Using the mRNA-1273 penetration infection model as an example, the team observed that immunization with mRNA-1273 resulted in increased levels of neutralization but poor agreement was observed at low levels of neutralization. Also, the ChAdOx1 protection curve showed strong consistency with previous investigations in the superinfection study area for which equivalent data were available.

Despite the fundamentally diverse data, assays, and methodologies used to estimate the protection curves in each investigation, findings from the superinfection studies showed high agreement with the vaccine comparison model.

In addition, after alignment with each GMT immunization cohort, the baseline distribution of neutralizing antibody titres along with the protection curves associated with each trial can be used to predict the overall vaccine efficacy of existing vaccines. This strategy indicated good agreement between all models and the observed data.

using a protection curve

Predicting vaccine efficacy with immunostimulation

Regulators have stressed the need for immunosuppression research, which compares the development of new vaccines to the immunogenicity of older vaccines. In other words, vaccine makers must note the current vaccine that is suitable for comparison and assess the margins of superiority or non-inferiority in a randomized controlled trial.

Using a vaccine comparison model built from previous research, the team can assess the margins of superiority or non-inferiority of current vaccines that would result in more than 80% efficacy against SARS-CoV-2. If BNR162b2 or mRNA-1273 were used as comparator vaccines, a margin of non-inferiority of about 0.44-fold for mRNA-1273 GMT or 0.54-fold for mRNA-1273 GMT would lead to high confidence that the proposed vaccine has an efficacy of >80%.
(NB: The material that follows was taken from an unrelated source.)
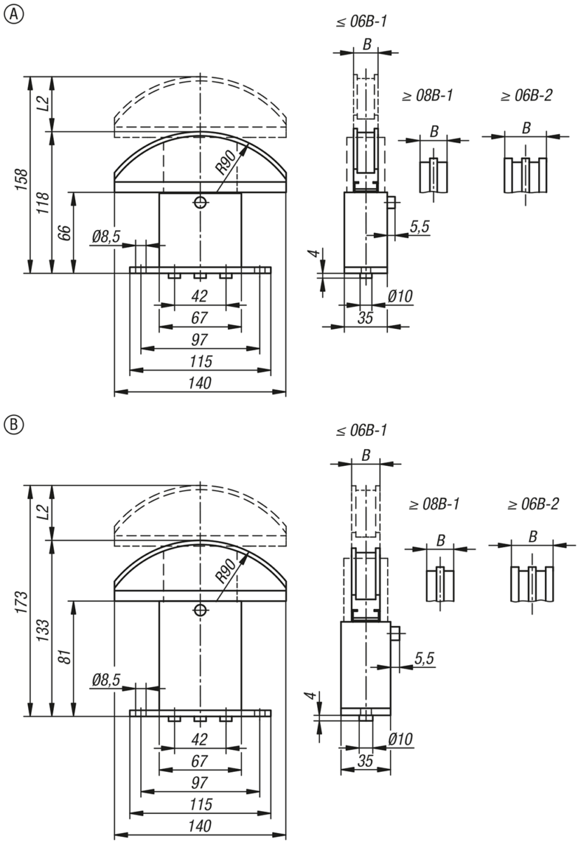 Tendeur de chaîne de taille 1, en inox à profil arqué

Using ChAdOx1 as a comparison, the team determined that a margin of superiority of 2.6-fold GMT vs. ChAdOx1 vaccines would provide a relatively high confidence of more than 80% of vaccine efficacy. Notably, these margins are very consistent with the low 95% confidence intervals predicted by research on penetrating injuries. The consensus of these three papers strongly supported the use of margins of superiority or non-inferiority in future trials of immunosuppression.

Define individual protection thresholds

A second goal of investigating protective thresholds was to establish a prophylactic titer for therapeutic application, such as a blood test for a clinically meaningful antibody level that indicates whether a person has a greater chance of being well protected against COVID-19. It was evident from the protection curves that there was a gradient of risk across several equivalent titers.
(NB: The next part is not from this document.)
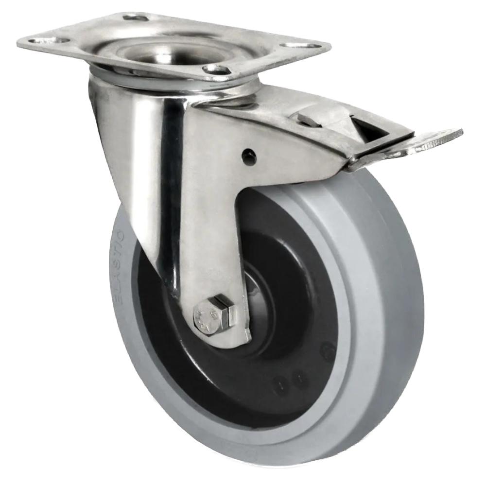 • La rotella orientabile in acciaio inossidabile con freno totale è composta da una ruota con corpo in poliammide nera e un battistrada elastico grigio con una durezza di 65° Shore A.

In addition, the variance in between-run tests is often notable enough to determine uncertainty within the neutralization titer for a given blood sample which can lead to wide confidence ranges for an individual’s expected protection. High confidence intervals when calculating individual neutralization titers, together with inconsistencies between different serological tests, were major obstacles to the effective evaluation and prediction of neutralizing antibody titres among individual patients.
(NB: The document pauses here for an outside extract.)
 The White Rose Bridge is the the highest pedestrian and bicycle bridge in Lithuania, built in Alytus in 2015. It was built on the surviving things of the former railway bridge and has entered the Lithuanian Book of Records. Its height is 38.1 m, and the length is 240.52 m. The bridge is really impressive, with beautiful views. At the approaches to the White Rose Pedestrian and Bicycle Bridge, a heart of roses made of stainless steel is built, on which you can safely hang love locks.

The results of the study showed that the different COVID-19 factors evaluated in the protection studies had high agreement. However, additional immune responses may play an important role in protecting against symptomatic to severe SARS-CoV-2 infection. Consistency across different investigations of an association neutralizing antibodies Effectiveness against COVID-19 could be important for planning future vaccine use, assessing population immunity, and minimizing the global consequences of the COVID-19 pandemic.